--- Task ---
In the listing below, find the line containing "Secom Limited is" and the line containing "Původní cihelný omítaný". Repeat exactly those two lines and every line between them.

--- Available data ---
----
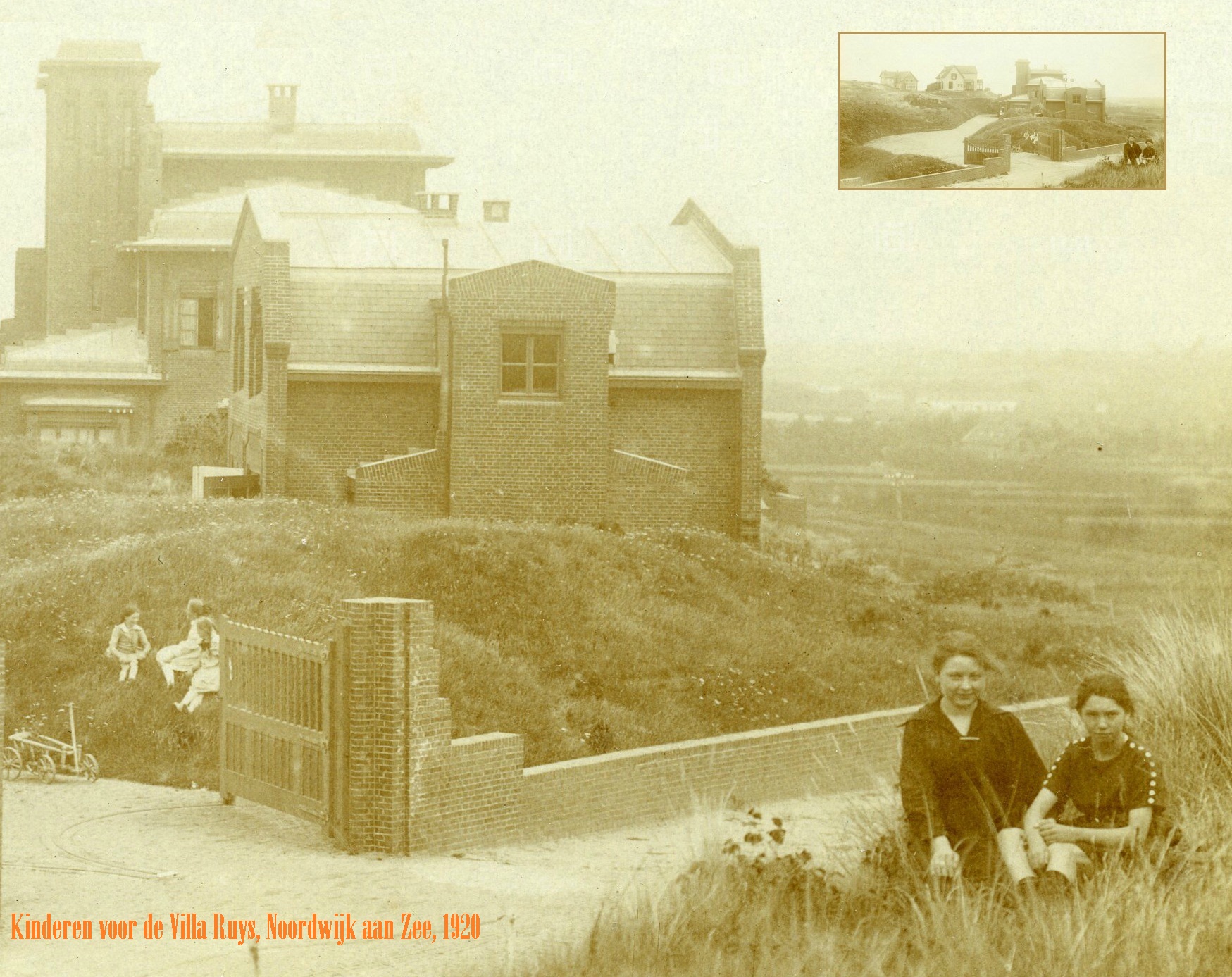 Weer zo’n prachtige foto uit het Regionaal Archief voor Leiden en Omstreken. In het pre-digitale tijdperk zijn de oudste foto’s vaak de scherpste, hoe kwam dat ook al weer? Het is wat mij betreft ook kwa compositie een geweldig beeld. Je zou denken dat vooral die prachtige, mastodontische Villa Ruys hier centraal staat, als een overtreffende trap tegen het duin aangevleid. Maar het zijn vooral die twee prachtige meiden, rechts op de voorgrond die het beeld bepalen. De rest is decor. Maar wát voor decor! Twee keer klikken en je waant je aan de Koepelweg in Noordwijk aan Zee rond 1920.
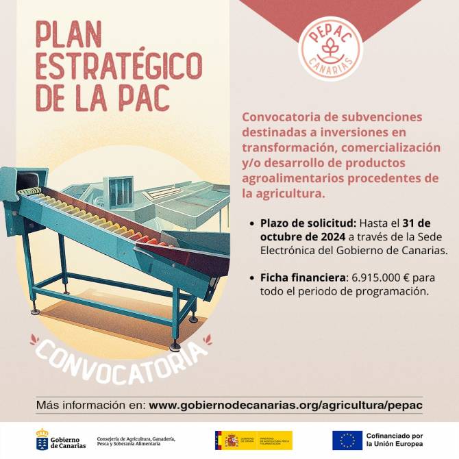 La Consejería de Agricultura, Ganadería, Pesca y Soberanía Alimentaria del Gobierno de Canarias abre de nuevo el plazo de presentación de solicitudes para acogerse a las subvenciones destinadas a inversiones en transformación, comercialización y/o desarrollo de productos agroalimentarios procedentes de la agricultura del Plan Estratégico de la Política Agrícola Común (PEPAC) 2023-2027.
----
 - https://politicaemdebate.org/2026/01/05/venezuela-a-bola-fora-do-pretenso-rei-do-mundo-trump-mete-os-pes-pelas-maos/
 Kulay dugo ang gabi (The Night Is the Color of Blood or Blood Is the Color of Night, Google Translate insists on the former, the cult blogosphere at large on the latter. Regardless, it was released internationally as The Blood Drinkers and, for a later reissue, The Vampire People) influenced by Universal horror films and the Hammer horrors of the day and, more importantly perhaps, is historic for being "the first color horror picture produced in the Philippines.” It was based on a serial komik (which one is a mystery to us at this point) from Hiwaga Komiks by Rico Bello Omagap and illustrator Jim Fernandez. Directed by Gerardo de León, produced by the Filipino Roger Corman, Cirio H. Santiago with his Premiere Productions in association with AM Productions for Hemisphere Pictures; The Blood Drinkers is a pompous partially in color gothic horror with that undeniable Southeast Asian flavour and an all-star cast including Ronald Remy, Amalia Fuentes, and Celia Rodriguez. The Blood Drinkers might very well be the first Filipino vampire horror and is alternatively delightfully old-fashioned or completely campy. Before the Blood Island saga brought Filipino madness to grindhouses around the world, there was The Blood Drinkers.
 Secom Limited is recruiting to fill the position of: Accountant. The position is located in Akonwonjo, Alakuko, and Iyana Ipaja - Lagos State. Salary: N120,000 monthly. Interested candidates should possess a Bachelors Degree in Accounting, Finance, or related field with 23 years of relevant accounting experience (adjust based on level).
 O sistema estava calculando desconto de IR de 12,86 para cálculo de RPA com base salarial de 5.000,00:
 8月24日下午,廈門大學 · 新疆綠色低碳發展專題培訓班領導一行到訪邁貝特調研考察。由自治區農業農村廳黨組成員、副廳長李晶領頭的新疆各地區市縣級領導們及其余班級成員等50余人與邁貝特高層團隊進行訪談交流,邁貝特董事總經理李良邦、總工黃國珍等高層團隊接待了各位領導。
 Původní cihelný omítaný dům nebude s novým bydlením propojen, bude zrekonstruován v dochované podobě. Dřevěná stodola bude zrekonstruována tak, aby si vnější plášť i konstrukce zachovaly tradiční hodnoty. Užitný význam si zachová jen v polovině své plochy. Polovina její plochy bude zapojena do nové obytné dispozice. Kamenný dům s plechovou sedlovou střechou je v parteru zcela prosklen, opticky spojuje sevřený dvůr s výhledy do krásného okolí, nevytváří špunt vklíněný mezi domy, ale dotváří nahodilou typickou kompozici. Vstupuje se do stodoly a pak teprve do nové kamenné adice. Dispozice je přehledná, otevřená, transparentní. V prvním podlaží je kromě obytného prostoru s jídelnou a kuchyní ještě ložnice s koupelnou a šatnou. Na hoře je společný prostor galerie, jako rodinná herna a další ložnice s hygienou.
----
--- Answer box ---
 Secom Limited is recruiting to fill the position of: Accountant. The position is located in Akonwonjo, Alakuko, and Iyana Ipaja - Lagos State. Salary: N120,000 monthly. Interested candidates should possess a Bachelors Degree in Accounting, Finance, or related field with 23 years of relevant accounting experience (adjust based on level).
 O sistema estava calculando desconto de IR de 12,86 para cálculo de RPA com base salarial de 5.000,00:
 8月24日下午,廈門大學 · 新疆綠色低碳發展專題培訓班領導一行到訪邁貝特調研考察。由自治區農業農村廳黨組成員、副廳長李晶領頭的新疆各地區市縣級領導們及其余班級成員等50余人與邁貝特高層團隊進行訪談交流,邁貝特董事總經理李良邦、總工黃國珍等高層團隊接待了各位領導。
 Původní cihelný omítaný dům nebude s novým bydlením propojen, bude zrekonstruován v dochované podobě. Dřevěná stodola bude zrekonstruována tak, aby si vnější plášť i konstrukce zachovaly tradiční hodnoty. Užitný význam si zachová jen v polovině své plochy. Polovina její plochy bude zapojena do nové obytné dispozice. Kamenný dům s plechovou sedlovou střechou je v parteru zcela prosklen, opticky spojuje sevřený dvůr s výhledy do krásného okolí, nevytváří špunt vklíněný mezi domy, ale dotváří nahodilou typickou kompozici. Vstupuje se do stodoly a pak teprve do nové kamenné adice. Dispozice je přehledná, otevřená, transparentní. V prvním podlaží je kromě obytného prostoru s jídelnou a kuchyní ještě ložnice s koupelnou a šatnou. Na hoře je společný prostor galerie, jako rodinná herna a další ložnice s hygienou.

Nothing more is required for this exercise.